#### Source data ####
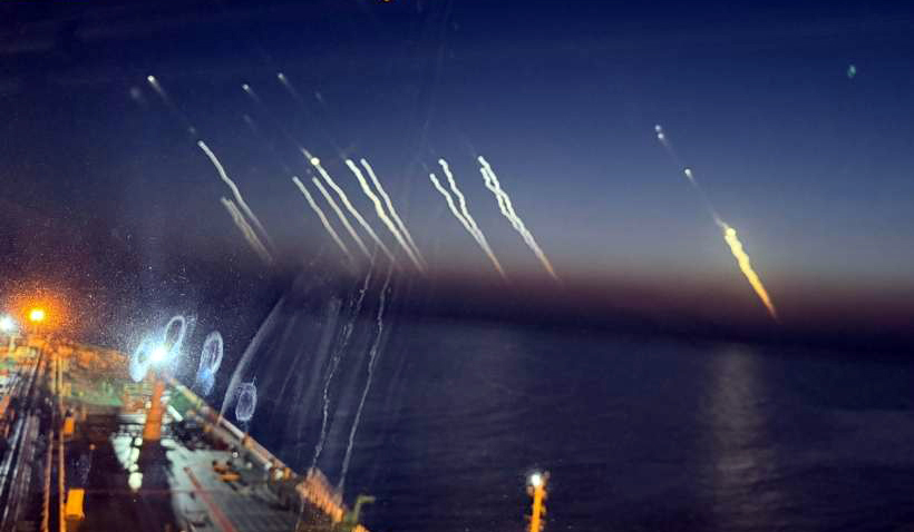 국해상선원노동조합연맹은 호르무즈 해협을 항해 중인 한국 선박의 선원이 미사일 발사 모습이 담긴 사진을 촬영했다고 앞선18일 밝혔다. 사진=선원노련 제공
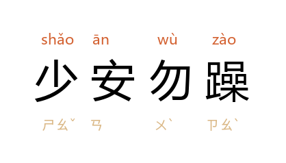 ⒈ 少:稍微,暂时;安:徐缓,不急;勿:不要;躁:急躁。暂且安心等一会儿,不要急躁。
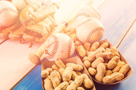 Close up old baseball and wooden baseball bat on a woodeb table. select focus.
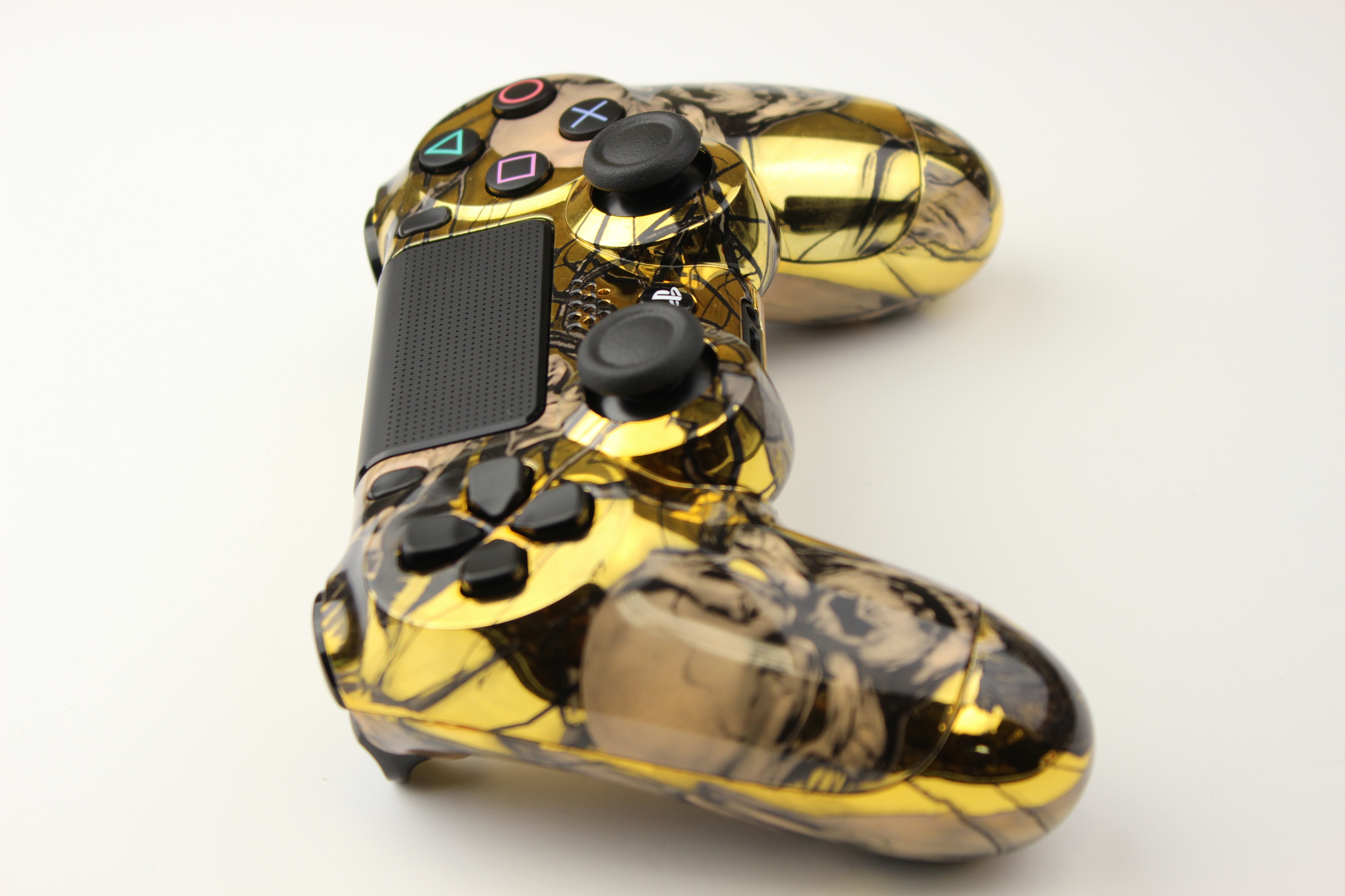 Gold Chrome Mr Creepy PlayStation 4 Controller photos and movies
####
#### Source data ####
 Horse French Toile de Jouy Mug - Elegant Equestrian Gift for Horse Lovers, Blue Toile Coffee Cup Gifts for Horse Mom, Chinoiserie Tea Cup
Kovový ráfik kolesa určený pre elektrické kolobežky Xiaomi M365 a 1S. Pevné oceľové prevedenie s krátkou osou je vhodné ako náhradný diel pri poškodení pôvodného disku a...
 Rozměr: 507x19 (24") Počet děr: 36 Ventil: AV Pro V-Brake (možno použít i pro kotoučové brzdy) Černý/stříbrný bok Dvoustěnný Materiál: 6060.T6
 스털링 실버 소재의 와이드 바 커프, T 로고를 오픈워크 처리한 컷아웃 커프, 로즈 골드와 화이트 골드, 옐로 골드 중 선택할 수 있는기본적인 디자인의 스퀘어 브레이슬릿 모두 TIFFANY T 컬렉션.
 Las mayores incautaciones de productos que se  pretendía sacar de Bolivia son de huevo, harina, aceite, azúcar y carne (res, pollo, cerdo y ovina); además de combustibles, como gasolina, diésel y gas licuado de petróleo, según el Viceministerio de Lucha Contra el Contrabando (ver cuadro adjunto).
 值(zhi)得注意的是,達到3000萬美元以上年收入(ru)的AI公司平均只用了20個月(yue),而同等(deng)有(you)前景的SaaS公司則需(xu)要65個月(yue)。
####
#### Source data ####
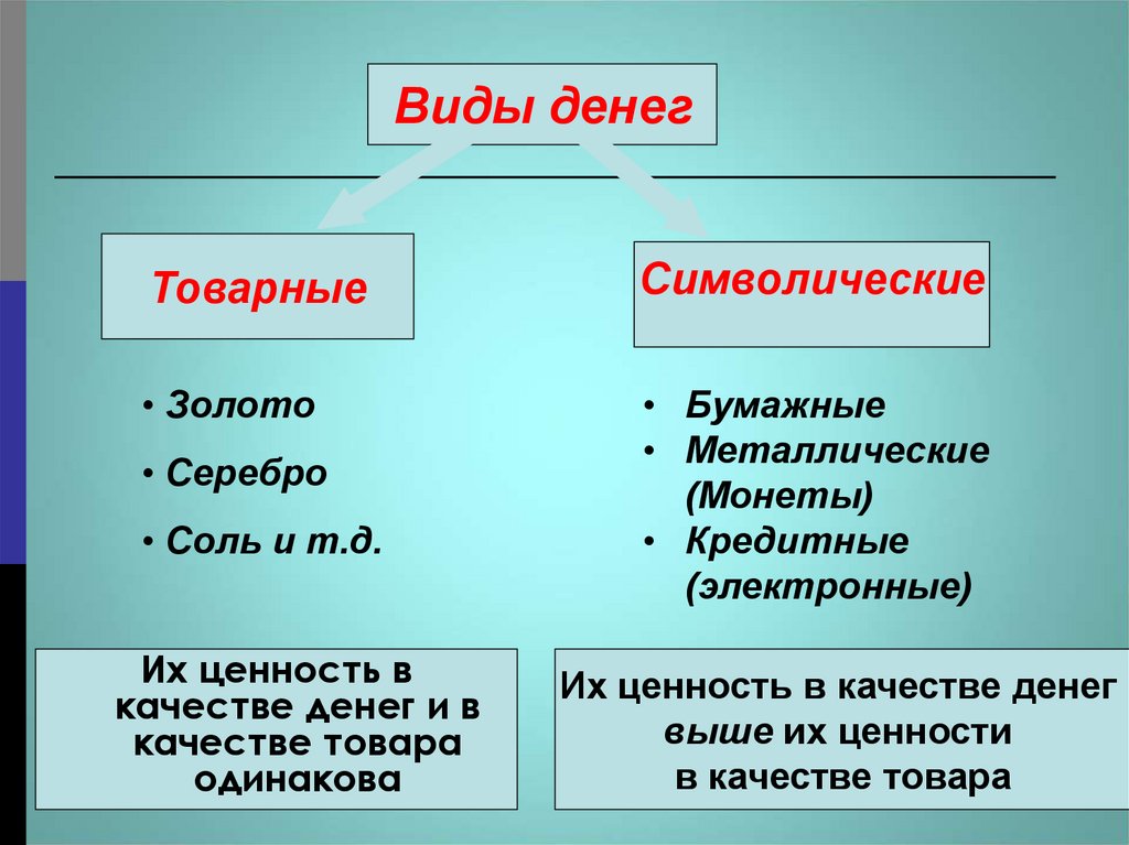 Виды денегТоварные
####
*Aim of the task*
Exactly the lines starting at the one above with "⒈ 少:稍微,暂时;安:徐缓" and ending at the one with "Gold Chrome Mr" should be printed, and nothing else. Omit the pictures.

*Answer to this problem*
 ⒈ 少:稍微,暂时;安:徐缓,不急;勿:不要;躁:急躁。暂且安心等一会儿,不要急躁。
 Close up old baseball and wooden baseball bat on a woodeb table. select focus.
 Gold Chrome Mr Creepy PlayStation 4 Controller photos and movies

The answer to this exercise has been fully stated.